Regulation

SEC reaches financial settlement with Longfin CEO Venkata Meenavalli

Venkata Meenavalli, CEO of fraudulent financial services company Longfin, has settled for $400,000 with the US Securities and Exchange Commission (SEC).

A press release issued by the SEC last week states that an agreement has been reached for disgorgement and penalties.

The SEC initially filed fraud action against Longfin Corp and Meenavalli in June 2019 for falsifying company revenue and fraudulently listing on the Nasdaq stock exchange.

Longfin indicated that it would be acquiring cryptocurrency start-up Ziddu in December 2017, which caused the company’s shares to rise over 1,000% – a move the SEC alleges was insider trading.

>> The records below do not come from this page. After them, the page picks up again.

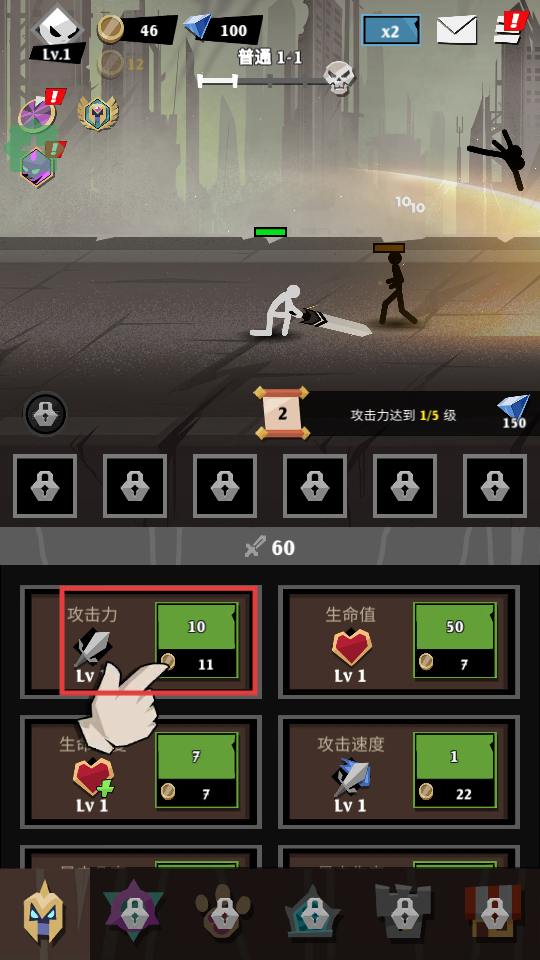2、升级【攻击力】,提升角色攻击能力,助力战斗。
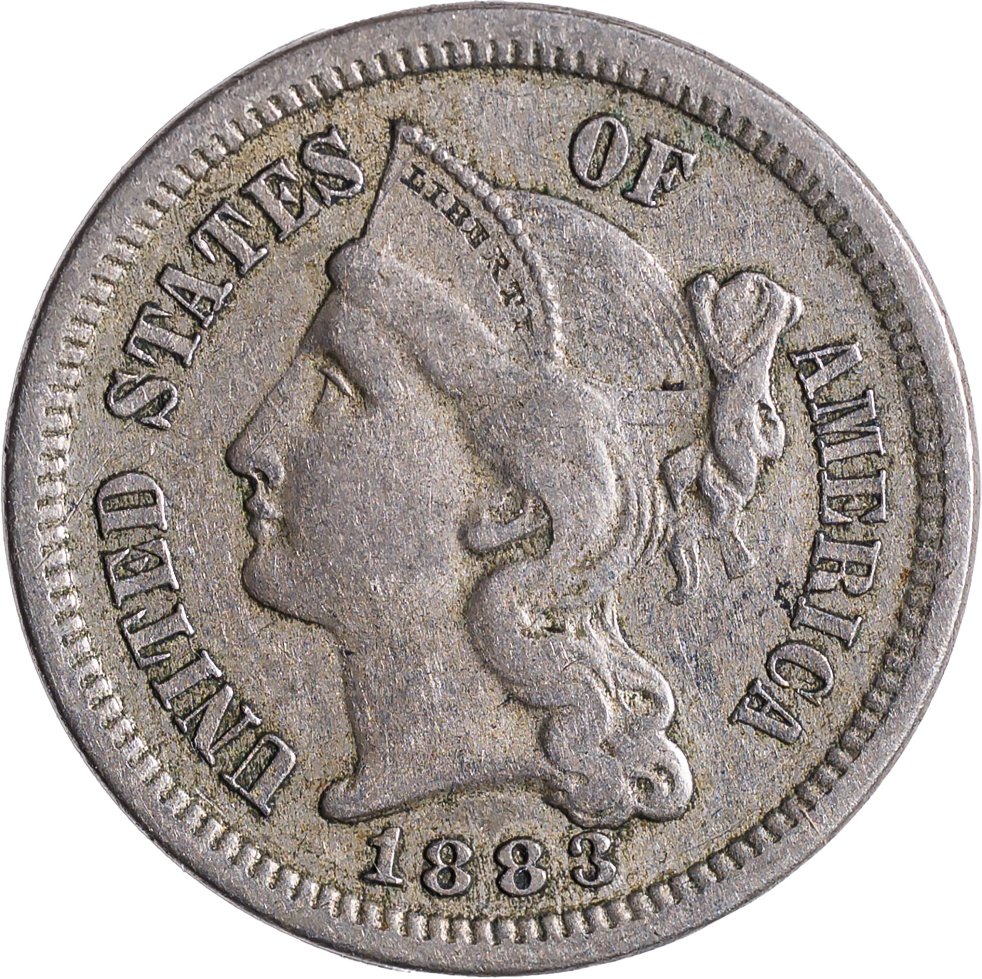 Scarce EF-40 1883 Three Cent Nickel
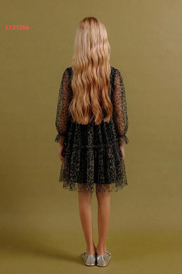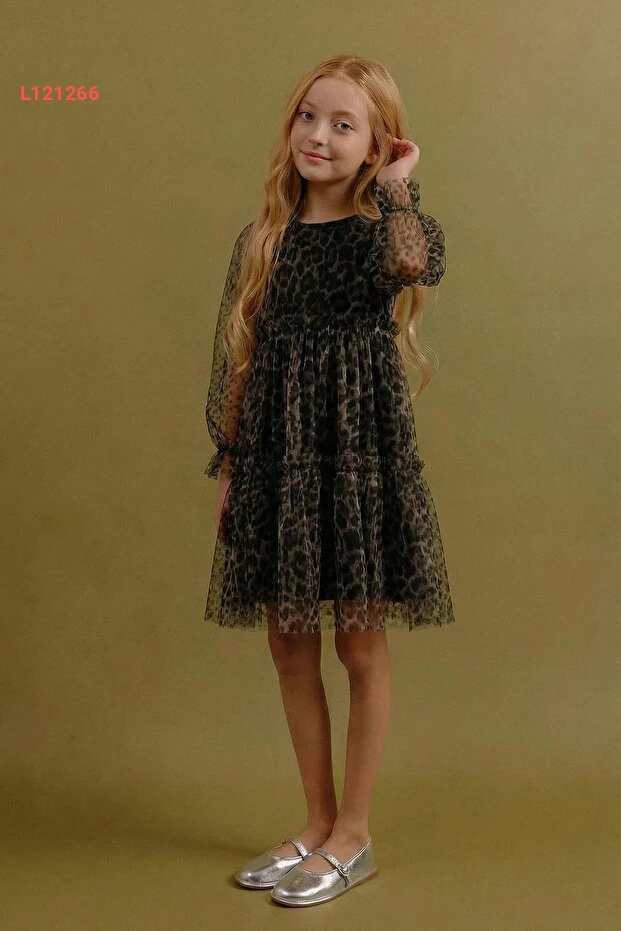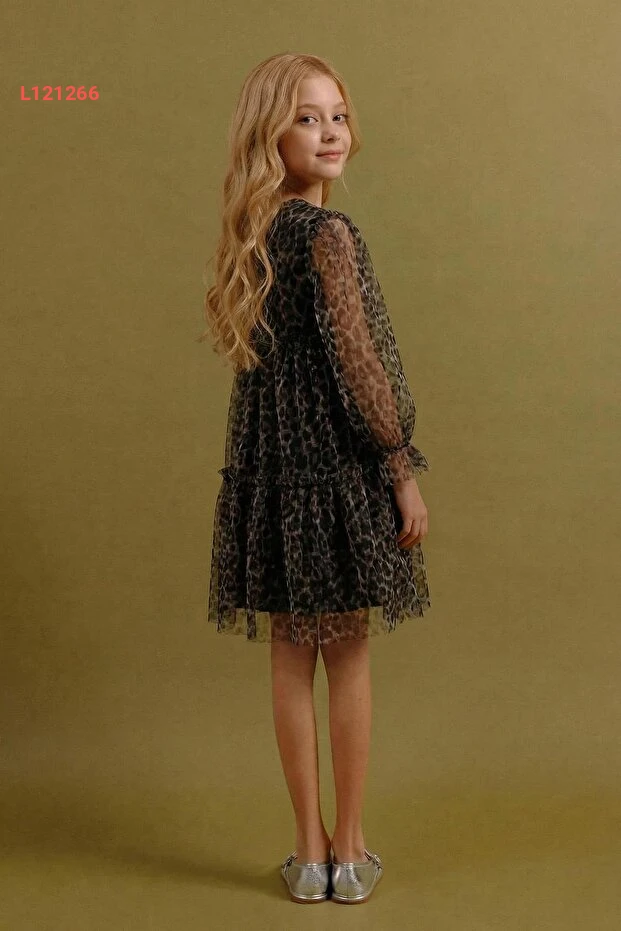 اجعل صغيرتك تتألق بأناقة مع فستان "Perendi" ذو التصميم الفريد من نوعه! يتميز برسمات النمر الجذابة وتفاصيل التول الرقيقة، مما يوفر لها مظهرًا مليئًا بالجاذبية والمرح. مصمم خصيصًا لتقديم الراحة والحركة الحرة، سيصبح هذا الفستان الخيار المثالي لكل مناسبة.
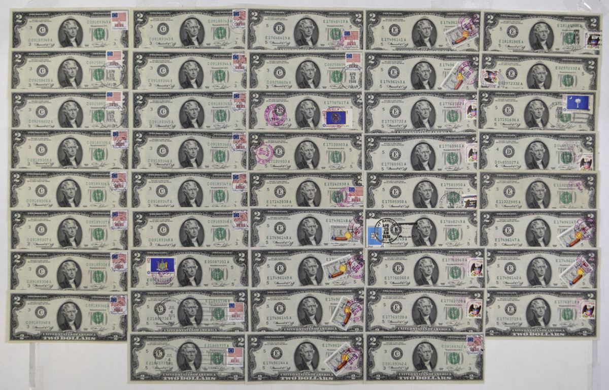 Washington D.C., Lot of 43, 1976. $2, Series 1976, Fr.#1935, First Day Stamped and Cancelled Federal Reserve Notes, Neff | Simon signatures, Stamps at top right corner, Notes are in Uncirculated condition. ($86 Face Value), (43). Sold "AS IS" no returns accepted.
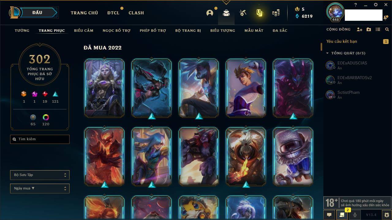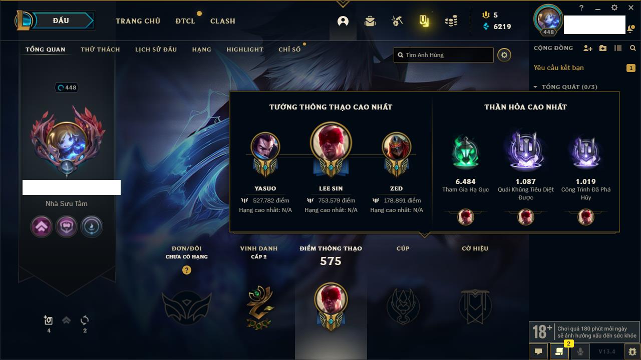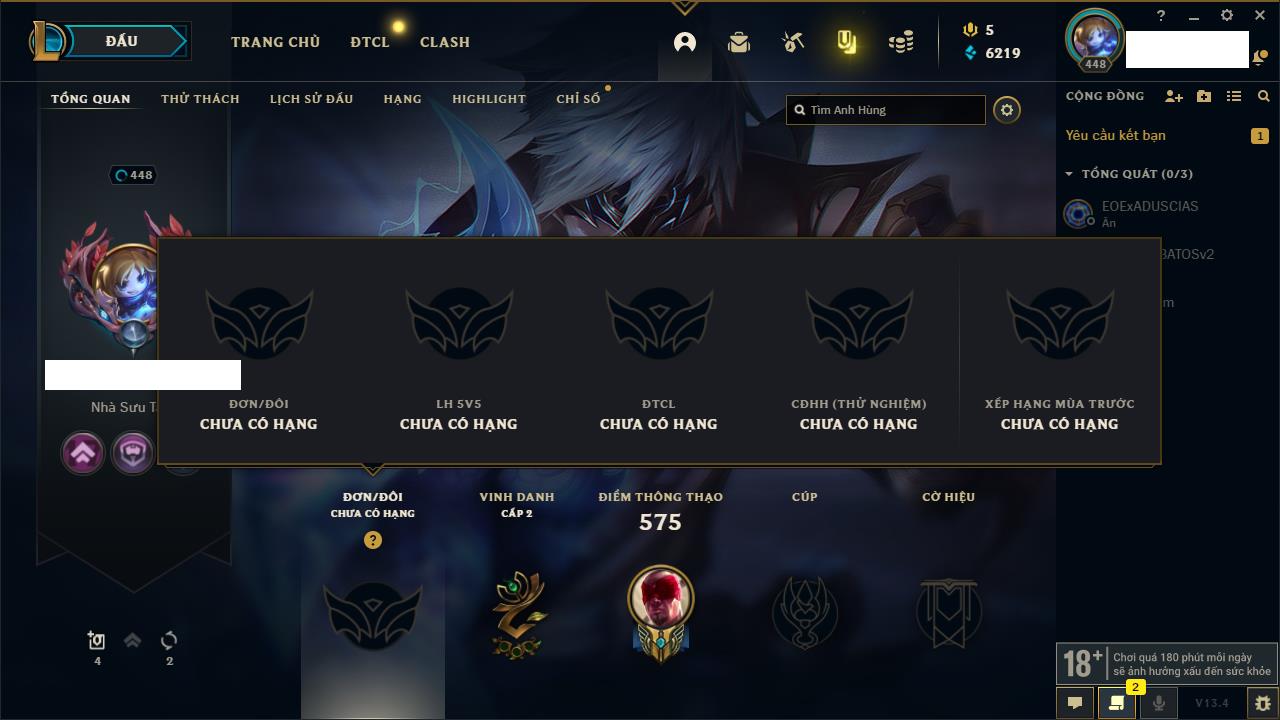Rank Đơn: Vàng IKhung: BạcTướng: 171 - Còn 60584 THXTrang Phục: 286Rank ĐTCL: Vàng IIILinh Thú: 117
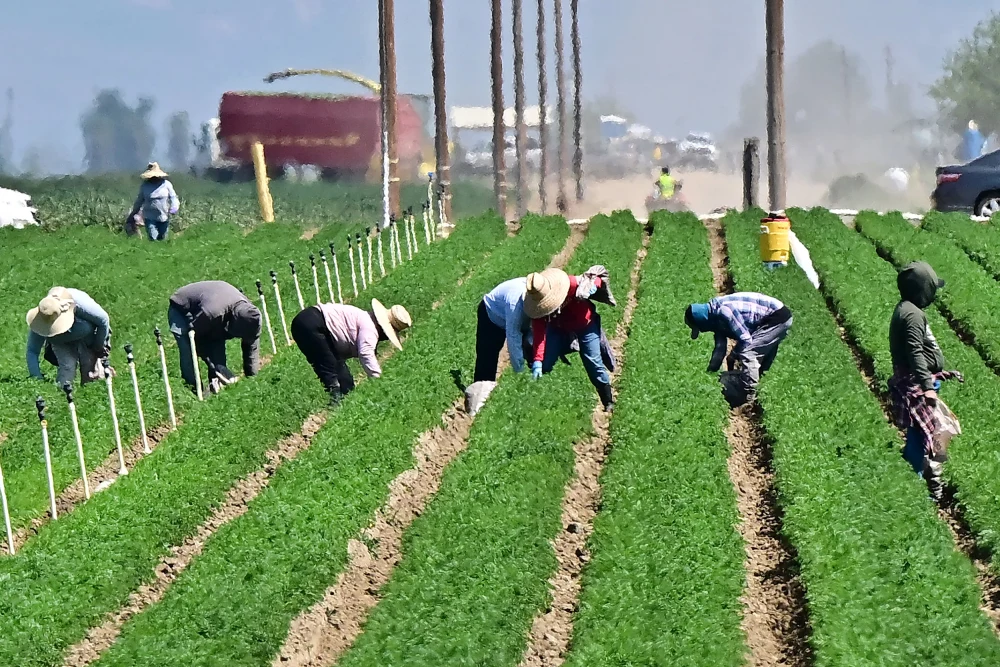 Farmworkers south of Bakersfield, in Kern County, California's breadbasket, on Wednesday.Frederic J. Brown / AFP - Getty Images. Source: NBC News.
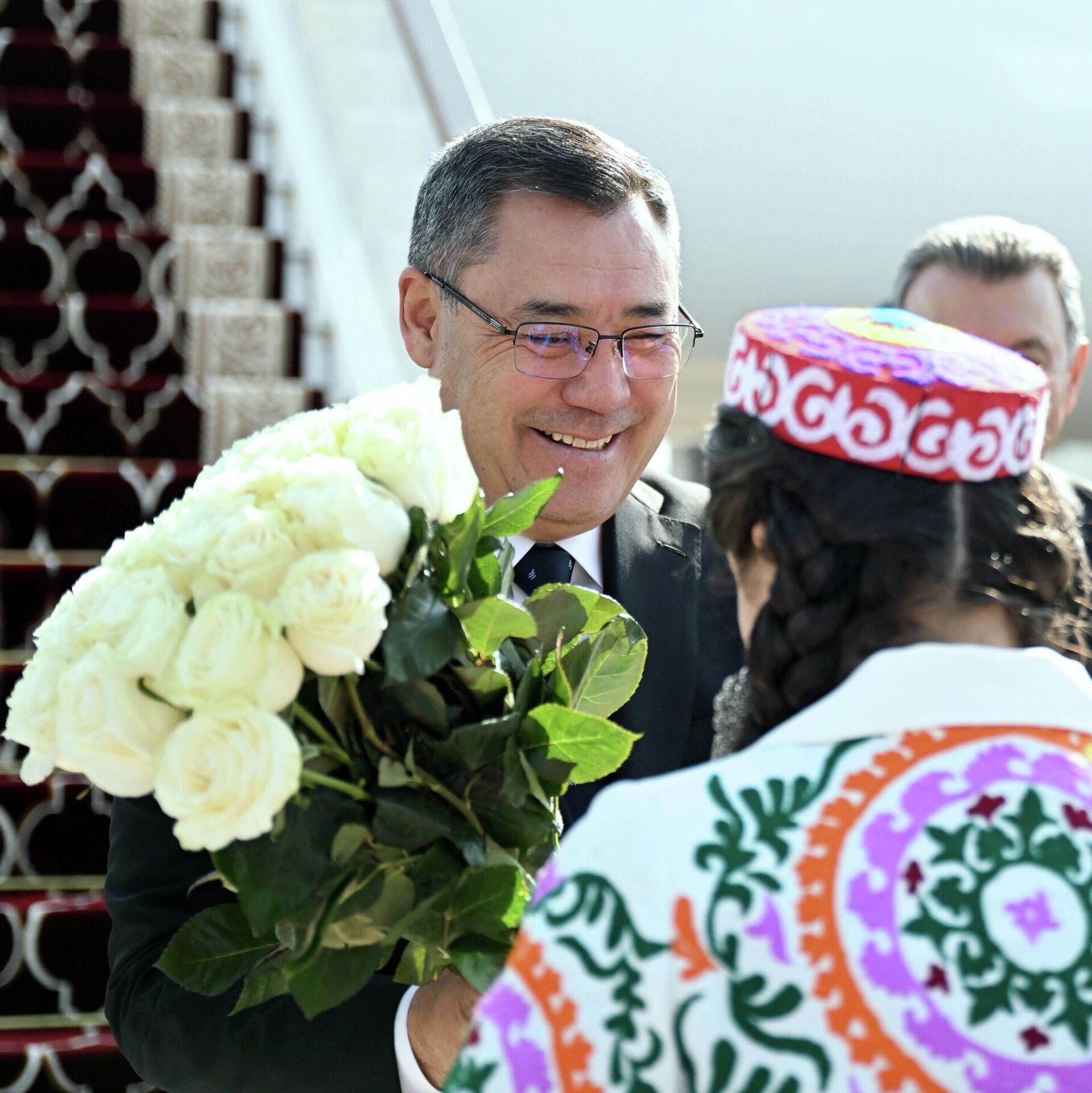 Борт Жапарова приземлился в международном аэропорту Душанбе. Его встретили премьер-министр РТ Кохир Расулзода и другие официальные лица.
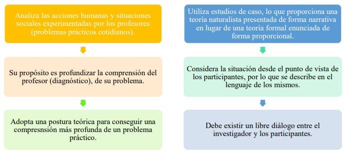 La define a partir del estudio de situaciones sociales con el propósito de mejorar la calidad de la acción dentro de éstas, la interpreta como la reflexión de acciones humanas y situaciones sociales vividas por los profesores, tienen como objetivo ampliar la comprensión o diagnóstico de los problemas prácticos de los docentes. |
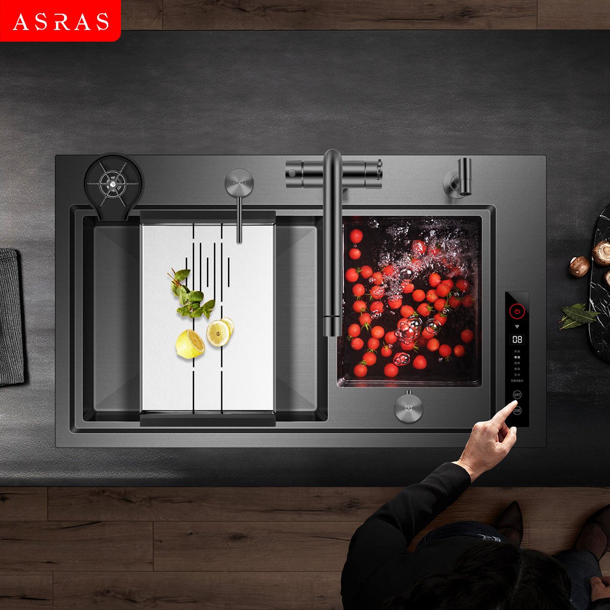 阿萨斯智能水槽水触媒果蔬净化水槽厨房多功能洗菜机洗杯器大双槽
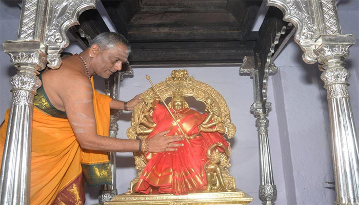 ಮೈಸೂರಿನ ಚಾಮುಂಡಿ ಬೆಟ್ಟದಲ್ಲಿ ನಾಡ ಅಧಿದೇವತೆ ಚಾಮುಂಡೇಶ್ವರಿ ಸನ್ನಿಧಿಯಲ್ಲಿ ನಾಳೆ ದಸರಾ ಮಹೋತ್ಸವಕ್ಕೆ ಚಾಲನೆ ನೀಡಲಾಗುತ್ತದೆ.ಅದಕ್ಕಾಗಿ ದೇವಿಯ ಉತ್ಸವ ಮೂರ್ತಿಗೆ ಹಿರಿಯ ಅರ್ಚಕರಾದ ಶ್ರೀ ಶಶಿಶೇಖರ ದೀಕ್ಷಿತ್ ಅವರು ಅಂತಿಮ ಟಚ್ ನೀಡಿದರು.
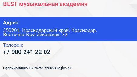 BEST, музыкальная академия по адресу 350901, Краснодарский край, Краснодар, Восточно-Кругликовская, 72 в дальнейшем Организация, размещена в следующих категориях:
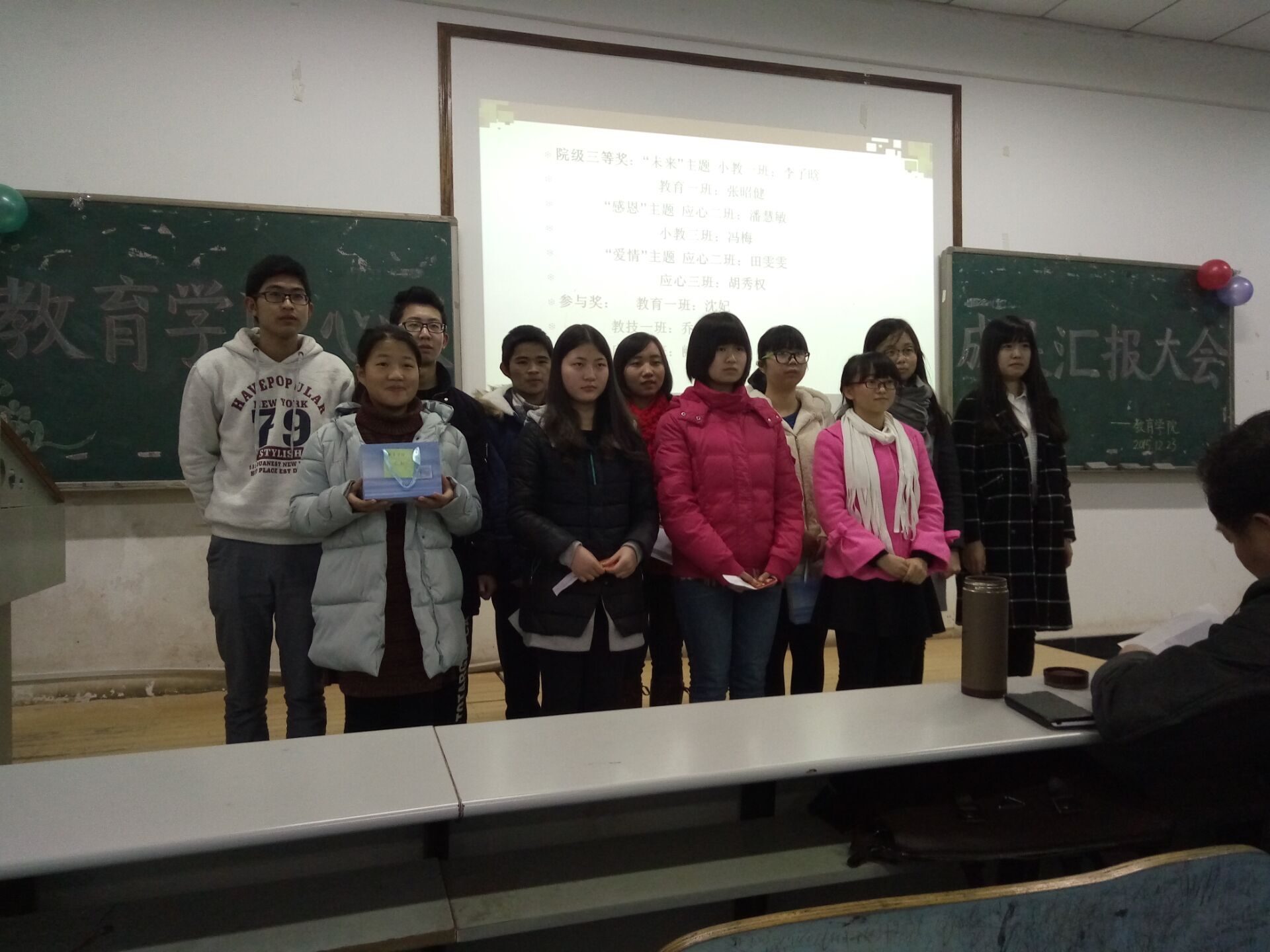 2015年12月23日16点yl88858永利集团于第八教学楼3-3教室举行yl88858永利集团心灵成果汇报大会,与会嘉宾有yl88858永利集团党委副书记王伟清,学工办辅导员老师练素华、胡银华、滕茜茜以及学生会副主席肖雨薇、杨柠遥、张丹。15级各班的代表皆悉到场。
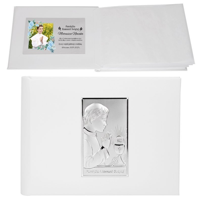 Album na zdjęcia, to doskonała pamiątka Pierwszej Komunii Świętej. W albumie można upamiętnić zdjęcia, które są wspomnieniem tej doniosłej, w życiu każdego dziecka chwili. Na okładce albumu umieszczony został srebrny ryngraf przedstawiający wizerunek chłopca, przystępującego do I Komunii Świętej. Srebrny emblemat wykonany został w technologii PVD – płytka z innowacyjnego metalu MIRO-SILVER pokryta cienką warstwą srebra. Powierzchnia ryngrafu pokryta jest lakierem ochronnym, aby zapobiec działaniu czynników zewnętrznych. Album został wykonany z eko – skóry. Producentem albumu jest renomowana włoska firma Beltrami znana z wysokiej klasy wyrobów srebrnych i pamiątkarskich.
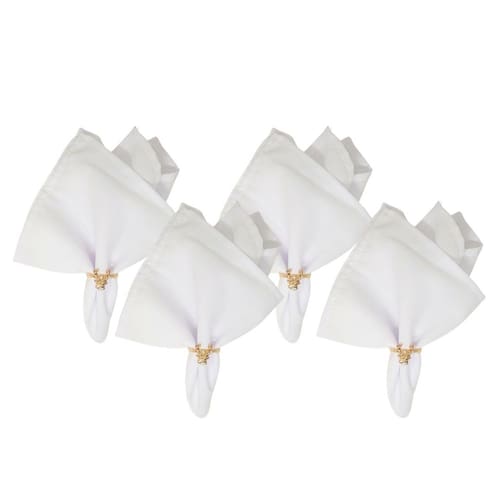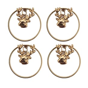 Jogo com 4 Argolas de Guardanapo com Pingente de Rena Natalina em Metal Rosê Gold + Guardanapos de Tecido Oxford Branco

Meenavalli publicly stated that the inflated value of his company following the acquisition announcement was an overvaluation in an interview with CNBC in December 2017.

However, the SEC accused Meenavalli of falsely representing SEC filings to make it seem like Longfin was a US-based company, when in reality it was based offshore.

The SEC has alleged that $33 million in Longfin stocks had been sold using unregistered transactions, of which $27 million had been successfully frozen during a preliminary injunction.

The regulator claims that the acquisition of a cryptocurrency company just two days after Longfin went public was a deliberate effort to pump the company’s stock alongside the cryptocurrency market hype.

Penalties and settlement

Meenavalli has now agreed to settle the dispute by paying $400,000 in disgorgement and penalties, which will bring a close to proceedings against him.

This includes $159,000 dollars in salary which he received while acting as CEO of Longfin, interest of $9,000, and an additional $232,000 civil penalty fine.

Meenavalli will also have to surrender his remaining Longfin stock, and he is barred from becoming a company director in the US for life.

Longfin’s CEO and three other executive officers personally gained over $26 million from the scheme, which the SEC is now seeking to redistribute to affected investors through a Fair Fund program.

The SEC has successfully enforced multiple orders recently, announcing in December that it had instructed Blockchain of Things to pay $250,000 for selling unregistered securities.